A parent may state that they or a relative are to take the child out of the country for a prolonged period of time.
Indications that female genital mutilation may have already taken place include:
A child may spend long periods of time away from the class during the school day, with bladder or menstrual problems.
There may be prolonged absences from school because of bladder or menstrual problems.
A long absence from school with noticeable behaviour changes on the girl’s return could also be an indication that a girl has undergone female genital mutilation.
A referral to the school nurse may reveal the physical signs that suggest female genital mutilation has taken place.
What to do
Any decisions or plans for a child who has been or may be subject to female genital mutilation should always be based on a thorough assessment that is aware of, and sensitive to, the issues of race, culture, gender, religion and sexuality. Every attempt should be made to work with parents on a voluntary basis to help them understand the harmful effects of female genital mutilation and that the practice is illegal in this country. Parents do not usually intend it as an act of abuse, but genuinely believe that it is in the girl’s best interests to conform with their customs and beliefs. They should be encouraged to stop the abuse and offered advice and information in whatever way is helpful for them. At this stage it is often useful to involve members of the family’s own community who understand the reasons behind the enquiries.
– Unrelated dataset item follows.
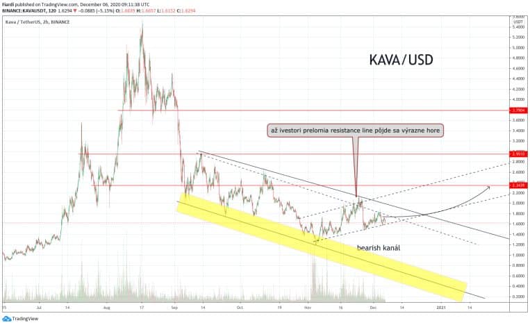 Momentálně se nacházíme na hodnotě 1,6 USD a jak vidíme jsme ve velkém patternu v bearish kanálu. Uvnitř ale vidíme malý bullish kanál. Stále platí pravidlo trendových patternů o tom, že bearish kanál skončí až prolomením resistance line. Jakmile ji přelomíme přijde obrovský růst a to může klidně nastat teď když oznámili nový event Harvest V2 (30.12.20). Jistota ale bude ten resistance line. Držte se toho.
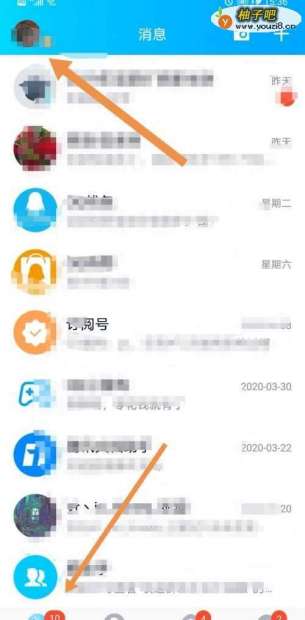 打开手机,登录QQ,先点击左下角消息,再点击左上角我的头像。

Where there are concerns that a child is at risk of, or has already undergone Female Genital Mutilation, this will normally be dealt with as a child protection referral under Section 47 of the Children Act (1989).
The police and relevant health and legal professionals should be involved. The police will also have to consider whether any criminal offence has taken place.
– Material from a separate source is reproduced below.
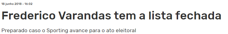 A ver se nos entendemos. Frederico Varandas montou a sua equipa bem antes da AG de destituição, quase com uma certeza inabalável que o clube iria a eleições antecipadas. O tempo tem-nos mostrados alguns dos delegados dessa AG e vamos percebendo todos esses nomes que vão surgindo estão ligados à candidatura do actual presidente do Sporting, quer através das ligações políticas à Juventude Popular, quer através de ligações à LPM.
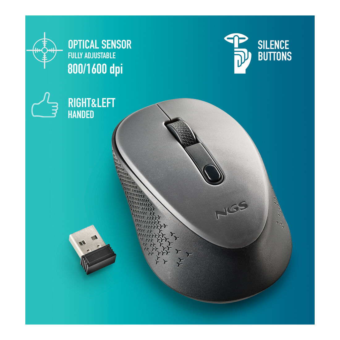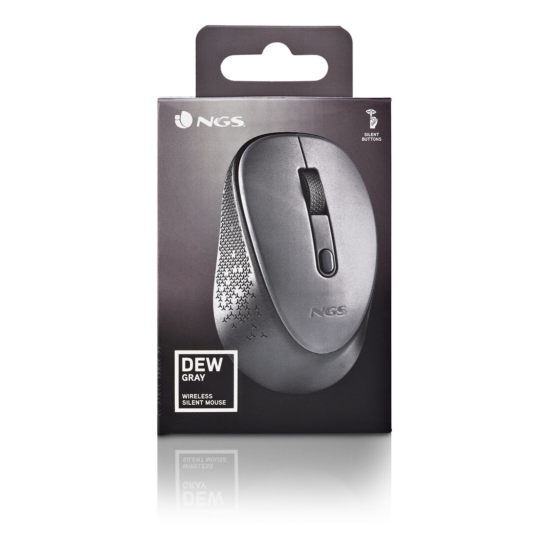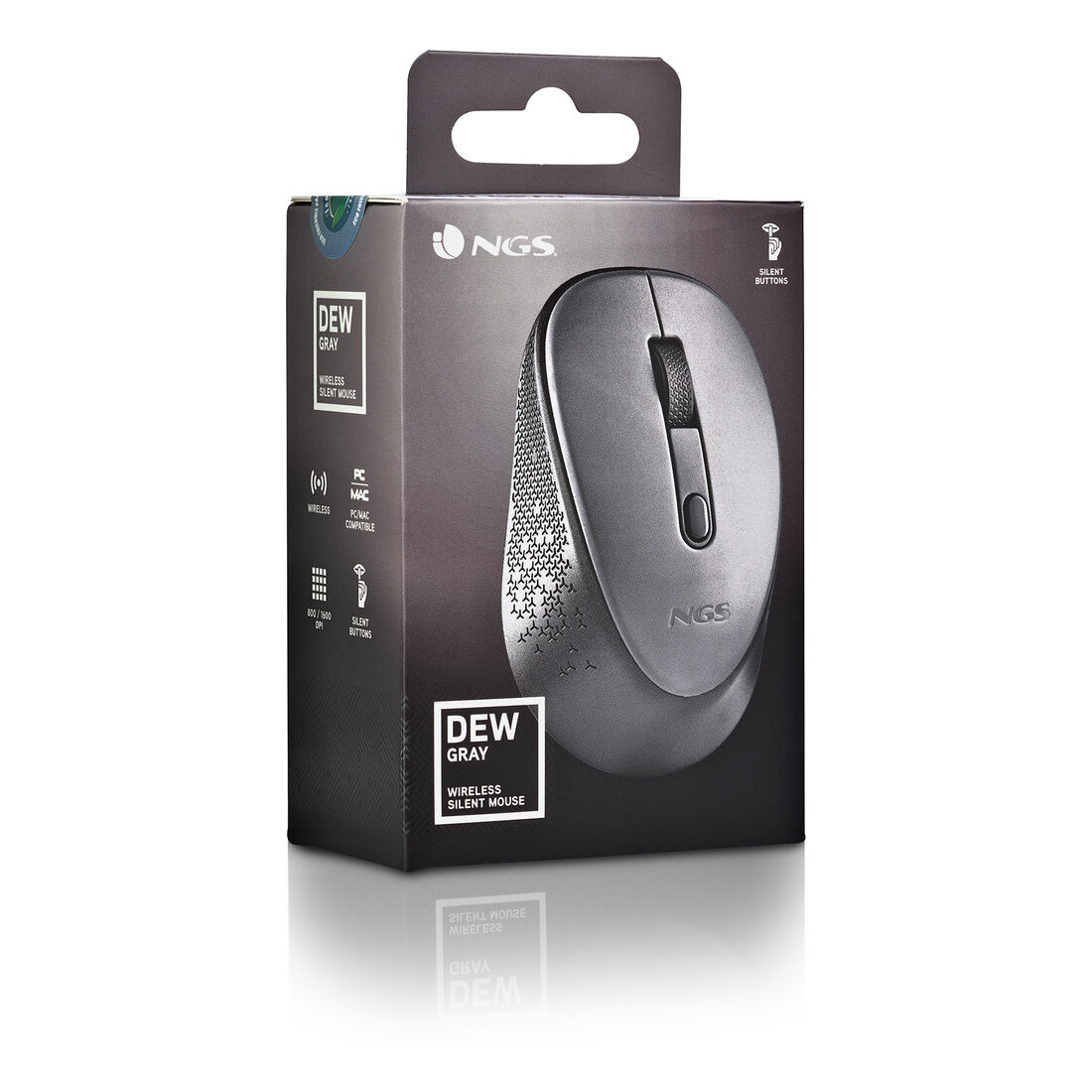 NGS DEW. Fattore di forma: Ambidestro. Tecnologia di rilevamento del movimento: Ottico, Interfaccia dispositivo: RF Wireless, Risoluzione movimento: 1600 DPI, Tipo di pulsanti: Tasti premuti, Numero di tasti: 2, Tipo di scorimmento: Rotella. Alimentazione: Batterie. Funziona su tutte le superfici. Colore del prodotto: Grigio

If the family’s first language is not English it can be helpful to use a female interpreter who is not a family relation when carrying out interviews with the family.
Even though a child has been identified as at risk of significant harm, it may not be helpful to consider removing the child from an otherwise loving family environment. The main aim is to prevent the child undergoing any form of female genital mutilation, rather than removal from the family. If it is not possible to reach an agreement with the parents, the priority is then to protect the child using the minimum of legal action needed to keep the child safe.
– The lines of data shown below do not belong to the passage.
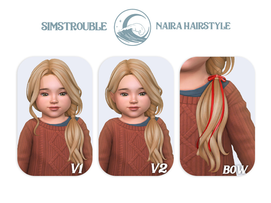 A long, wavy hairstyle wrapped on the left side with a (removable) bow.
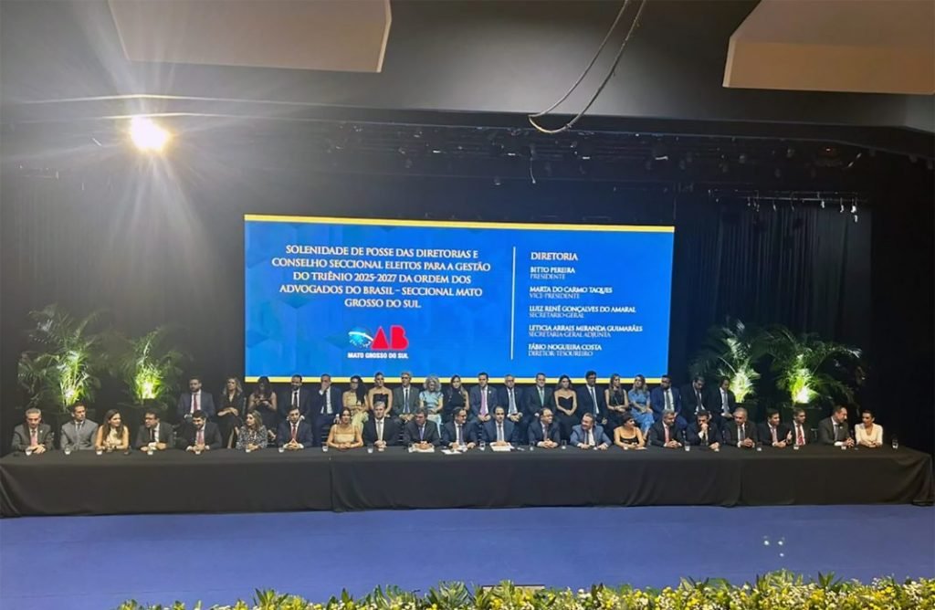 Em cerimônia realizada na noite de terça-feira (28), no Centro de Convenções Rubens Gil de Camillo, a Ordem dos Advogados do Brasil em Mato Grosso do Sul (OAB-MS), empossou sua nova diretoria para o triênio 2024-2026. O evento contou com a presença ilustre do presidente nacional da OAB, José Alberto Simonetti, além do governador Eduardo Riedel (PSDB) e diversas outras autoridades, como representantes da AASP (Associação dos Advogados de São Paulo) e da Fiems (Federação da Indústria de Mato Grosso do Sul).
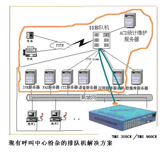 除AVAYA外,目前所有的傳統(tǒng)交換機(jī),都只是個(gè)PBX,用戶既不能編程,也沒可編程的CTI技術(shù),只承擔(dān)了系統(tǒng)中一個(gè)很小的排隊(duì)功能(ACD),該解決方案的關(guān)鍵任務(wù)仍然由語音卡+工控機(jī)的平臺(tái)來完成:IVR、CTI、FAX、錄音等系統(tǒng)的幾乎全部主要功能,因此無論從成本上還是技術(shù)的領(lǐng)先性、可靠性和穩(wěn)定性,可擴(kuò)展性和可維護(hù)性上,絕不是先進(jìn)的解決方案,而只是基于品牌的導(dǎo)向;而對(duì)于中小企業(yè),更多地去關(guān)心產(chǎn)品的適用性,而根本耗不起品牌。因此,從上圖可分析,傳統(tǒng)排隊(duì)機(jī)的解決方案本身很落后,性價(jià)比也很低。

But if the child is in immediate danger of mutilation, or is about to be sent out of the country for that purpose, and her parents are determined to go ahead, the next step is to seek a Prohibited Steps Order, with or without a Supervision Order or in extreme circumstances, an Emergency Protection Order.
If a child has already undergone female genital mutilation
The circumstances and the implications for the child will need to be assessed. Again this will normally involve the police and other professionals. The police will also have to consider whether any criminal offence has taken place.
It would be helpful, with the child and parent’s consent, to carry out a medical examination of the child.
There may be a risk to other female children in the family and this will need to be assessed as well.
A child protection conference may be needed if there are unresolved child protection issues, once the initial investigation and assessment have been completed.
If a woman has undergone female genital mutilation
Sometimes a woman who has already undergone female genital mutilation will come to professional attention. Talking about the experience with her will provide an opportunity to assess her needs and the implications for any female children she may have, or any younger siblings or extended family who might be at risk of female genital mutilation.
Female genital mutilation is an illegal, painful and unnecessary procedure that brings with it many health risks and long term consequences for the child. It continues to be practiced within a number of communities and will require a multi faceted approach to deal with it which includes understanding, education and sensitive practice.